Dedicated to Concordia, the sanctuary embodied themes prominent in Republican rhetoric by figures like Cato the Elder and Scipio Aemilianus, and later exploited by Augustus in ideological propaganda linked to the Pax Romana. Senators, magistrates, and generals such as Gnaeus Pompeius Magnus and Marcus Licinius Crassus used the site for ceremonies and reconciliations following events like the Social War and civil conflicts described by Appian and Sallust. The temple served as backdrop for public decrees of the Roman Senate, triumphal processions connected to triumphs of commanders like Scipio Africanus, and oaths administered in crises recorded by Plutarch. Imperial cult activity under emperors including Domitian and Hadrian integrated the site into rituals paralleling practice at the Temple of Emperor Vespasian and provincial centers such as Ephesus.
Excavations in the 19th and 20th centuries uncovered foundation walls, column fragments, and decorative reliefs studied by antiquarians like Giovanni Battista Piranesi and archaeologists including Giovanni Battista de Rossi and Andrea Carandini. Finds compared with artifacts from sites such as Pompeii, Herculaneum, and the House of the Vestals have refined dating through typologies advanced by Giovanni Becatti and techniques promoted by Alessandro Camporeale. Conservation efforts in the 20th and 21st centuries led by institutions like the Italian Ministry of Cultural Heritage and Activities and international teams liaising with UNESCO applied methods parallel to restorations at the Colosseum and Basilica of Maxentius. Sculptural fragments linked to the temple are housed in collections at the Capitoline Museums, Vatican Museums, and the Museo Nazionale Romano.
Epigraphic evidence from the area includes dedications recorded by scholars such as Theodor Mommsen in the Corpus Inscriptionum Latinarum, with texts referencing magistrates like Lucius Licinius Murena and patrons akin to Quintus Lutatius Catulus. Inscriptions relating to Concordia intersect with decrees found near monuments such as the Rostra and texts cited by Cicero and Livy. Numismatic iconography on coins issued by the Roman Republic and Roman Empire—notably issues of Julius Caesar, Augustus, and members of the Julio-Claudian dynasty—depict personifications comparable to dedications at the temple. Scholars including E. M. Steinby and Alan Cameron have analysed epigraphic formulas to trace patterns of patronage and civic benefaction reflected across the Roman Forum.

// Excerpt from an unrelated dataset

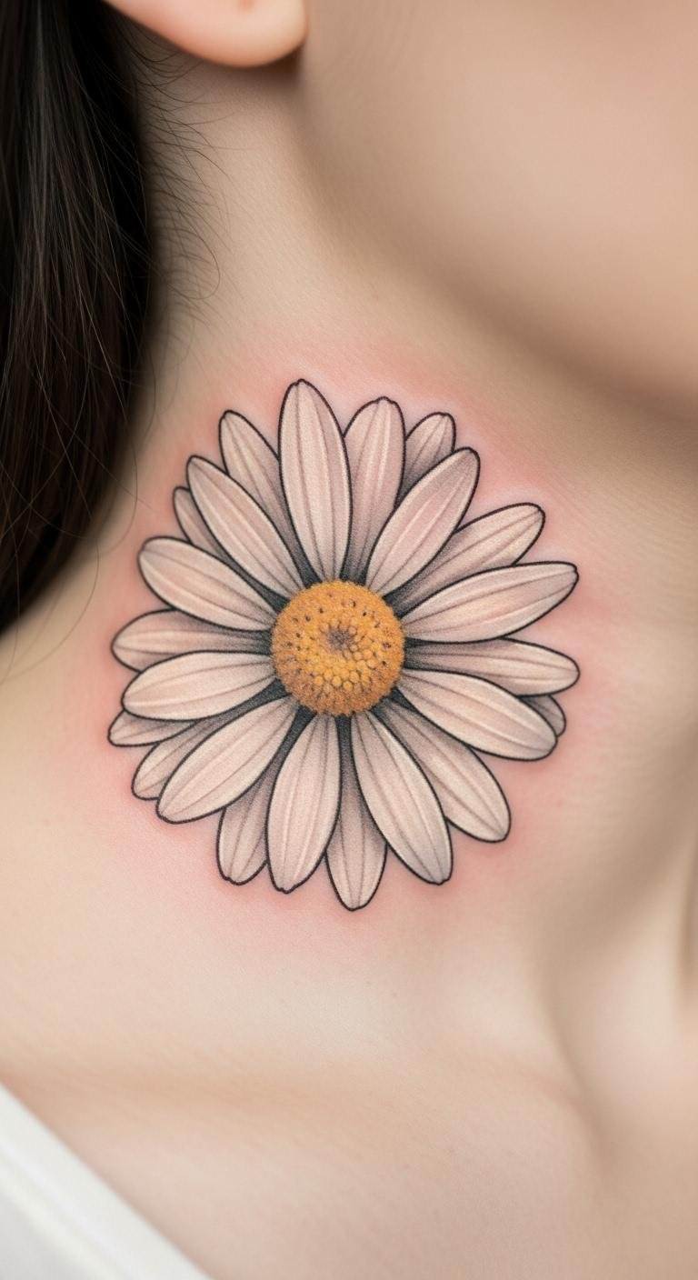 Simple daisy tattoos embody purity, ideal for innocent new chapters. Neck placements keep it elegant. Use white ink for subtlety. Simple tip: Focus on core shapes in your sketches. Budget hack: White ink tattoos are priced like basics at $95. Personalize with light details. Trace outlines at home. It’s straightforward and pure.

The temple appears in literary treatments by Virgil, Ovid, and Horace, and in historiography by Tacitus and Suetonius, while artists and printmakers such as Giovanni Battista Piranesi, Claude Lorrain, Nicolas Poussin, and Canaletto rendered the ruins in etchings and paintings. Modern historians including Theodor Mommsen, Mary Beard, Paul Zanker, and Giovanni Brizzi analyse its role alongside cultural monuments like the Ara Pacis and Palatine Hill. The iconography of Concord influenced Enlightenment debates represented by figures such as Voltaire and Edward Gibbon, and continues to inform contemporary heritage discourse involving organizations like ICOMOS and projects funded by the European Union.